Boolean bit fields vs logical bit masking or bit shifting - C++

Question

I have a series of classes that are going to require many boolean fields, somewhere between 4-10. I'd like to not have to use a byte for each boolean. I've been looking into bit field structs, something like:

struct BooleanBitFields
    {
        bool b1:1;
        bool b2:1;
        bool b3:1;
        bool b4:1;
        bool b5:1;
        bool b6:1;
    };

But after doing some research I see a lot of people saying that this can cause inefficient memory access and not be worth the memory savings. I'm wondering what the best method for this situation is. Should I use bit fields, or use a char with bit masking (and's and or s) to store 8bits? If the second solution is it better to bit shift or use logic?
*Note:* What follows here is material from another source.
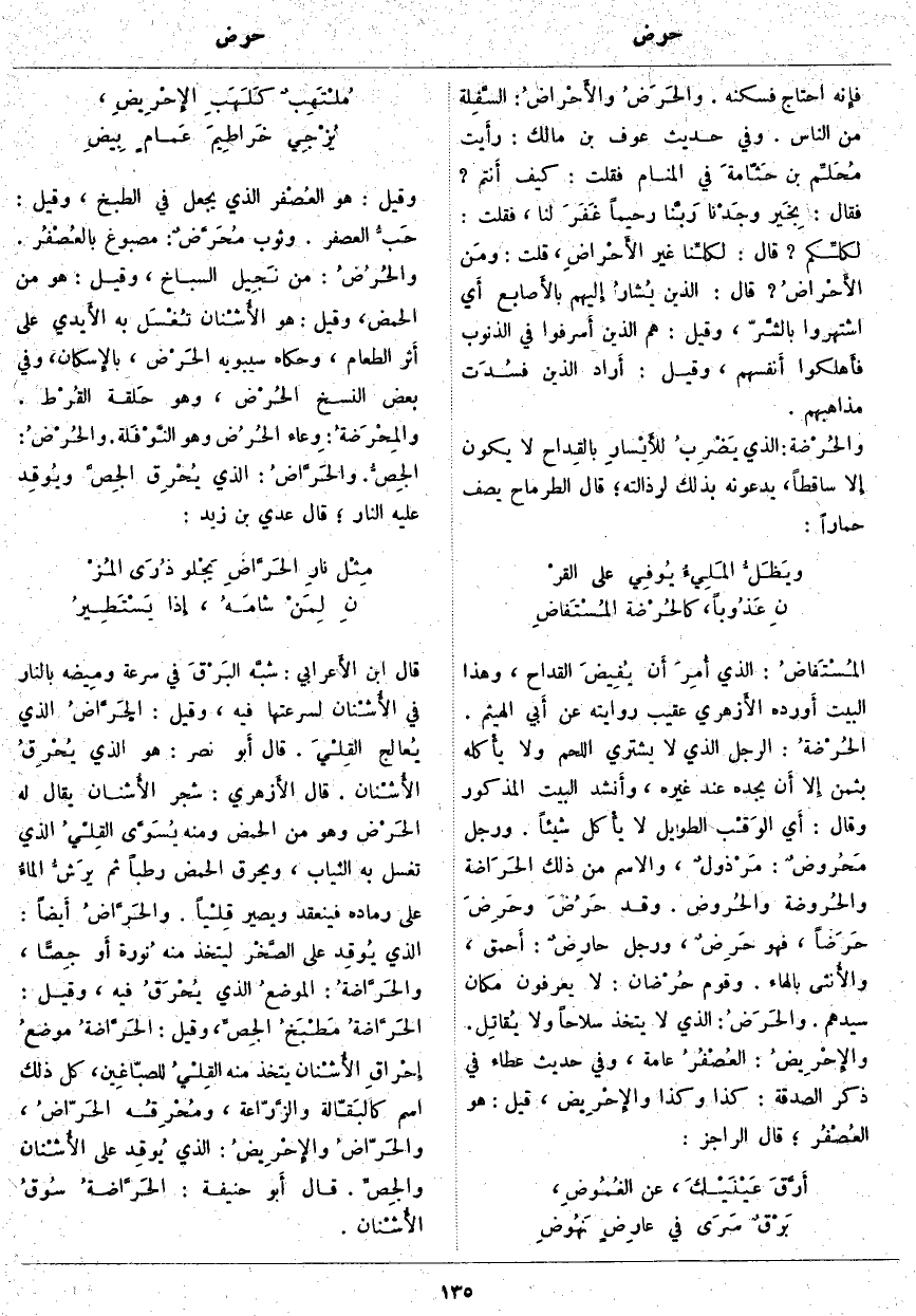 المُسْتَفاضُ: الَّذِي أُمِرَ أَن يُفِيضَ الْقِدَاحَ، وَهَذَا الْبَيْتُ أَورده الأَزهري عُقَيْبَ رِوَايَتِهِ عَنْ أَبي الْهَيْثَمِ. الحُرْضةُ: الرَّجُلُ الَّذِي لَا يَشْتَرِي اللَّحْمَ وَلَا يأْكله بِثَمَنٍ إِلا أَن يَجِدَهُ عِنْدَ غَيْرِهِ، وأَنشد الْبَيْتَ الْمَذْكُورَ وَقَالَ: أَي الوَقْب الطَّوِيلُ لَا يأْكل شَيْئًا. وَرَجُلٌ مَحُروضٌ: مَرْذولٌ، وَالِاسْمُ مِنْ ذَلِكَ الحَرَاضة والحُروضة والحُروض. وَقَدْ حَرُضَ وحَرِضَ حَرَضاً، فَهُوَ حَرِضٌ، وَرَجُلٌ حارِضٌ: أَحمق، والأُنثى بِالْهَاءِ. وَقَوْمٌ حُرْضان: لَا يَعْرِفُونَ مَكَانَ سَيِّدِهِمْ. والحَرَضُ: الَّذِي لَا يَتَّخِذُ سِلَاحًا وَلَا يُقاتِل. والإِحْرِيضُ: العُصْفُرُ عَامَّةً، وَفِي حَدِيثِ

If anyone could comment as to what method they would use and why it would really help me decide which route I should go down.

Thanks in advance!

Answer 1

With the large address spaces on desktop boxes, an array of 32/64-bit booleans may seem wasteful, and indeed it is, but most developers don't care, (me included). On RAM-restricted embedded controllers, or when accessing hardware in drivers, then sure, use bitfields, otherwise..

One other issue, apart from R/W ease/speed, is that a 32- or 64-bit boolean is thread-safer than one bit in the middle that has to be manipulated by multiple logical operations.

Answer 2

Bit fields are only a recommendation for the compiler. The compiler is free to implement them as it likes. On embedded systems there are compilers that guarantee 1 bit-to-bit mapping. Other compilers don't.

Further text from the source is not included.